Re-read the last 8 words I said.This doesn't seem fair to most of the posters here. Zuccarello was a liability away from Kaprizov this year, Boldy was not. Boldy is young and improving, Zuccarello is old and declining. Please don't confuse patience as a double-standard. If Boldy stopped developing and began to perform as badly as Zuccarello at 5v5, there would be plenty of complaints about him.
I'm not convinced that Boldy is a line driver, but I'm also not convinced that he isn't. He's developing still, give him a year or two more to see if he can turn that corner.

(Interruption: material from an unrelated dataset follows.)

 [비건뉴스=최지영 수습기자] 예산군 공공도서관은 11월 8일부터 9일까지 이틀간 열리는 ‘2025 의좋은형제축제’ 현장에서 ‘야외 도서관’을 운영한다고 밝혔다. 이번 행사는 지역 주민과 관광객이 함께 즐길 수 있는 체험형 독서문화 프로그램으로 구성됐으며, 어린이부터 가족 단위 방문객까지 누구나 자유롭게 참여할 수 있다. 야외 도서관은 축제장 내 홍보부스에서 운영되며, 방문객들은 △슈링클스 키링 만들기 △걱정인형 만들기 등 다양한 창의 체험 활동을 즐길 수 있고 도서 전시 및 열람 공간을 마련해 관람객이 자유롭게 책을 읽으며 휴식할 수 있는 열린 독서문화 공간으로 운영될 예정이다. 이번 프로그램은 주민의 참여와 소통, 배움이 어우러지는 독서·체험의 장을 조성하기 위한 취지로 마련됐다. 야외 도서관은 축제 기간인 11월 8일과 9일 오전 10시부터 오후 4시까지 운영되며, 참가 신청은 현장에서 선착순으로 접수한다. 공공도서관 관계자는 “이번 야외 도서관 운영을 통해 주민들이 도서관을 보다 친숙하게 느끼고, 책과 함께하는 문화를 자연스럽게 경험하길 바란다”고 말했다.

I'm just saying there is a nice double standard. Boldy didn't exactly light the world on fire away from Kaprizov and Eriksson Ek. Even the year before, it took Johansson playing out of his mind for that line to look really good.

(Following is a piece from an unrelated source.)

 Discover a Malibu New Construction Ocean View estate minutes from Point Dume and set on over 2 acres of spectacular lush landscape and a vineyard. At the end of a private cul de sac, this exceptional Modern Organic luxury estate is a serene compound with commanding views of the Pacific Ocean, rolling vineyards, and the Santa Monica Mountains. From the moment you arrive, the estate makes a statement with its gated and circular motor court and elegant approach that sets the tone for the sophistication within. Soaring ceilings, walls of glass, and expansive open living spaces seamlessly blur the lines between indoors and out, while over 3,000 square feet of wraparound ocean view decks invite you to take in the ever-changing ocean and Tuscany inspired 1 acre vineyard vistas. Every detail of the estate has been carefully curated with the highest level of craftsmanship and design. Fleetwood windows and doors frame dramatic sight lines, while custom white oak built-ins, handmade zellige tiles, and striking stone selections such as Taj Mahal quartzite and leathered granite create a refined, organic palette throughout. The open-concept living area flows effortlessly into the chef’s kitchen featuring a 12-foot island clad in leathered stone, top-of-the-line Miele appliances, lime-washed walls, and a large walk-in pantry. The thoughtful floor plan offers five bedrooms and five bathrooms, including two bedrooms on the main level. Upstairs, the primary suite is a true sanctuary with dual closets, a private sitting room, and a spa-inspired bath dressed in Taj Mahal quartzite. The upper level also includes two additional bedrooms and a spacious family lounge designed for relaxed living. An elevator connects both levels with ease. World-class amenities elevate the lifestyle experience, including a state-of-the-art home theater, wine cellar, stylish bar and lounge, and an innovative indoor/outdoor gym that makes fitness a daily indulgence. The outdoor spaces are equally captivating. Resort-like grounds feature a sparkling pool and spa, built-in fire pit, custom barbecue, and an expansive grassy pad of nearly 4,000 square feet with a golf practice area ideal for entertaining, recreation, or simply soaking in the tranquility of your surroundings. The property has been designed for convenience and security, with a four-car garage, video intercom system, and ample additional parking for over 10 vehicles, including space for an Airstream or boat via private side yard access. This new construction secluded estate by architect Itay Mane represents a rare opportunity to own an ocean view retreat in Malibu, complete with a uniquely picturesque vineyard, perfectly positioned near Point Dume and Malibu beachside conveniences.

Kap-Ek-Boldy was put together around February 7th from what I can tell.
Boldy before February 7th: .76ppg
Boldy on and after February 7th: 1.09ppg
Kaprizov had an absolutely ridiculous 51 points in 33 games during that time frame February 7th and on. 1.55 ppg (127 point pace). He was most certainly the line driver. The other two were not close.
If you can only keep one and you lose the other to the abyss, who are you keeping Ek or Boldy?Tkachuk would be the least important guy on a line with Kaprizov and Eriksson Ek too, and he definitely wouldn't be the line driver for that group. Boldy drives offense more than Ek does too, which is what the conversation was about before you moved it to "better two-way play" to force the point about Boldy being the least important player there.
Tkachuk would be my target to drive the 2nd line. Similar to how Kaprizov and Fiala never played together. I don't view Boldy as that guy. He needs someone better than him on his line.